“Could Not Boot” Error After Converting a Linux VMware to Hyper-V – CloudShell - The Legend of Hanuman

“Could Not Boot” Error After Converting a Linux VMware to Hyper-V – CloudShell


In my previous post, I was talking about converting vmware vms to Hyper-V. The Windows machines worked fine because it’s all Microsoft products, the vm knows how to fix the driver issues. However, when you try to convert a Linux vm, you have to re-install the drivers of the new hypervisor, let’s understand a bit more in this post what happens with the linux vms after converting them.


Table of Contents

1 – The Error

When you start the vm, the following error has been thrown:

boot error the problem cloudshell
Figure 1 : The Error

This issue was caused by the incorrect drivers in the virtual machine that was using the vmware drivers and it is now running on top of a hyper-v server, that is, it’s missing the hyper-v drivers on this instance.

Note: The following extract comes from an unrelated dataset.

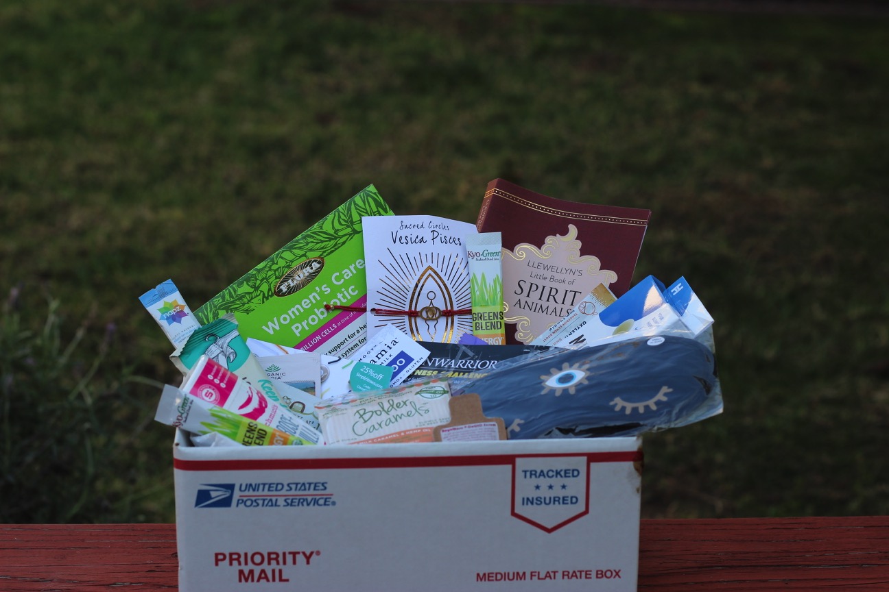 Box filled with hand-picked items, such as packaged food, accessories, clothing, home goods, body care, coupons and/or a book. Every box is one-of-a-kind!

dracut creates an initial image used by the kernel for preloading the block device modules (such as IDE, SCSI or RAID) which are needed to access the root filesystem, mounting the root filesystem and booting into the real system.

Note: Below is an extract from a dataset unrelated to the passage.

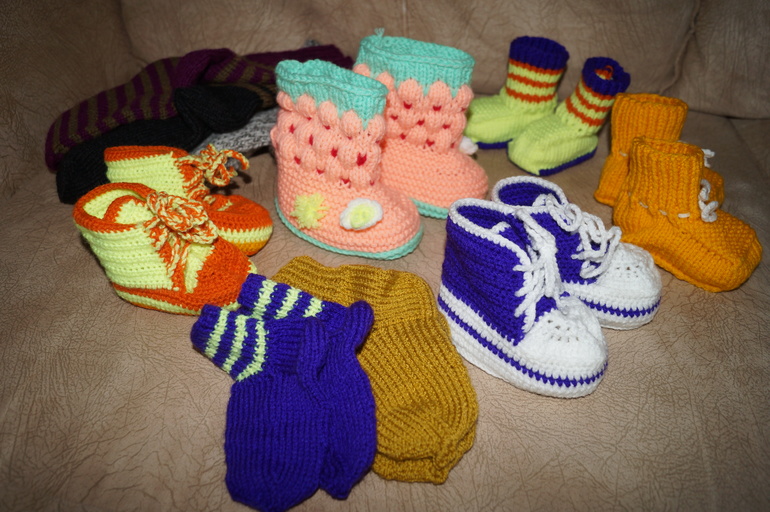 Наши с мужем родители живут очень далеко от нас, вернее мы от них((мы ж уехали....Поэтому все подарки к праздникам мы получаем в посылках))В очередной раз моя мама стала собирать посылку к новому году, и я попросила ее связать для Алисы носочки теплые.Сказано- сделано.И вот сегодня мы забрали нашу посылку от бабушки с дедушкой(еле дотащила 11 кг,наверное продавались бы на почте коробки большего размера,она бы взяла самую огромную)))) ) помимо всего изобилия подарков, мама нас снабдила носками по полной))не только Алисе,но и нам с мужем достались носочки))

At boot time, the kernel unpacks that archive into RAM disk, mounts and uses it as initial root file system. All finding of the root device happens in this early userspace.

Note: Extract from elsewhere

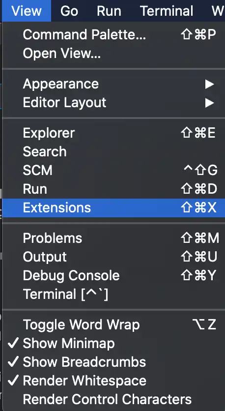 Shift + Command + X키로 extension 설치/관리를 할 수 있다. 검색 창이 뜨면, 아래의 두 플러그인을 찾아서 설치한다.

Initramfs images are also called “initrd“.

1.2 – What is Initramfs?

Initramfs is a filesystem image that the bootloader will extract to memory after loading the kernel and before switching execution context to it. Such image is expected to contain all modules the kernel will need to find the block device containing the root filesystem.

When you see this screen, the initramfs file is corrupted because it’s not possible to find the root filesystem, but luckily we can fix that, let’s see how in the next section.


2 – Fixing the Issue

Tested using CentOS;

You will need to reconstruct the initramfs file /boot/initramfs-(kernel version).img, because of the virtual hardware change. The module used by CentOS kernel for virtual disk access is probably different.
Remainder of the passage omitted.